Unclean leader election: availability vs durability

The most consequential setting in this area is unclean.leader.election.enable. Normally Kafka only elects a leader from the ISR. But what if every in-sync replica is down and only a stale, out-of-sync replica remains? You face a choice:

Setting	Behavior when no ISR is available	Trade-off
`unclean.leader.election.enable=false` (default)	Partition stays offline until an in-sync replica returns	Durability first — no committed data is lost, but the partition is unavailable
`unclean.leader.election.enable=true`	An out-of-sync replica is promoted to leader	Availability first — the partition recovers immediately, but records the old leader had committed are permanently lost and offsets may be truncated

The default is false, and for most production data you should keep it that way:

unclean.leader.election.enable=false

Enabling unclean election can cause silent data loss and offset truncation, which can confuse consumers that had already advanced past those offsets. Only enable it for topics where availability strictly outranks correctness — for example, ephemeral metrics or logs you can afford to drop.

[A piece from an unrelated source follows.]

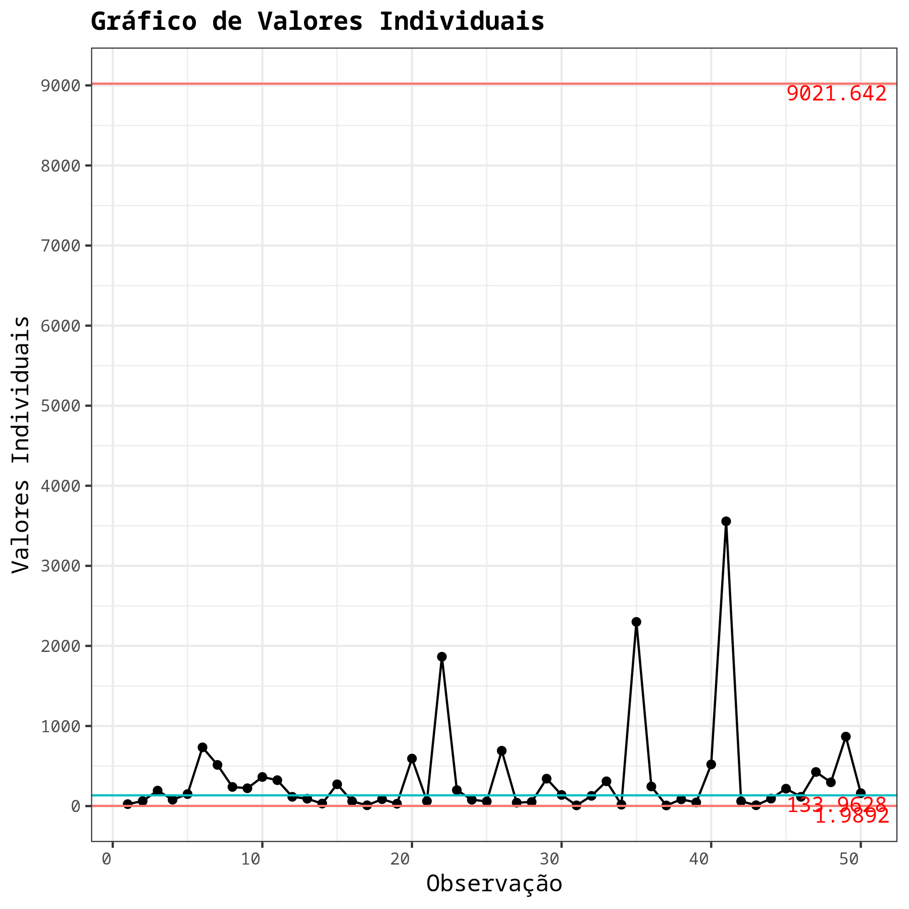 | 41 | 3035.76 | 1 ponto a mais de 3 Sigmas da linha central |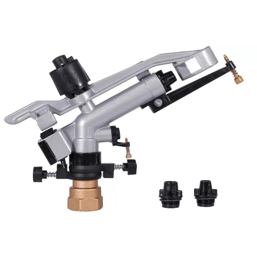 Mini-cañon de impacto muy versátil y práctico, riega en círculo parcial y completo, los anillos (seguros) de la base puede aflojarlos y mantenerlos abajo para regar a círculo completo, en cambio si necesita regar a círculo parcial deberá subir, ajustar el sector deseado (90°, 180° 270° u otro ángulo) y apretar los seguros. Cuenta con quebrachorro en cada boquilla, principal y secundaria y lo puede ajustar para dispersar más o menos el chorro según lo desee.

You can override it per topic for fine-grained control:

kafka-configs.sh --bootstrap-server localhost:9092 \
  --entity-type topics --entity-name metrics-firehose \
  --alter --add-config unclean.leader.election.enable=true

Observing elections from a client

Clients react to leadership changes transparently by refreshing metadata, but you can tune how aggressively a producer retries during the brief window when a partition has no leader:

Properties props = new Properties();
props.put(ProducerConfig.BOOTSTRAP_SERVERS_CONFIG, "localhost:9092");
props.put(ProducerConfig.KEY_SERIALIZER_CLASS_CONFIG,
        "org.apache.kafka.common.serialization.StringSerializer");
props.put(ProducerConfig.VALUE_SERIALIZER_CLASS_CONFIG,
        "org.apache.kafka.common.serialization.StringSerializer");
// Wait for all in-sync replicas to acknowledge — required
// if you want acks to mean "committed" across elections
props.put(ProducerConfig.ACKS_CONFIG, "all");
// Retry transparently while a new leader is being elected
props.put(ProducerConfig.RETRIES_CONFIG, Integer.MAX_VALUE);
props.put(ProducerConfig.DELIVERY_TIMEOUT_MS_CONFIG, 120_000);

try (KafkaProducer<String, String> producer = new KafkaProducer<>(props)) {
    producer.send(new ProducerRecord<>("orders", "order-42", "created"));
}

With acks=all and a healthy ISR, a clean election never loses an acknowledged record — the new leader already holds everything up to the high watermark.

Best Practices

Keep unclean.leader.election.enable=false for any topic carrying data you cannot afford to lose; only relax it deliberately per topic.
Set a replication factor of at least 3 and min.insync.replicas=2 so a single broker failure never leaves a partition without a safe leadership candidate.
Always produce with acks=all for durable topics so committed means “replicated to the full ISR” before and after an election.
Leave auto.leader.rebalance.enable=true so leadership returns to preferred replicas and load stays balanced after failovers.
Run preferred-leader rebalancing during low-traffic windows if your imbalance threshold is aggressive, since rebalancing briefly disrupts affected partitions.
Monitor UnderReplicatedPartitions, OfflinePartitionsCount, and the active controller count so you catch elections and shrinking ISRs before they become outages.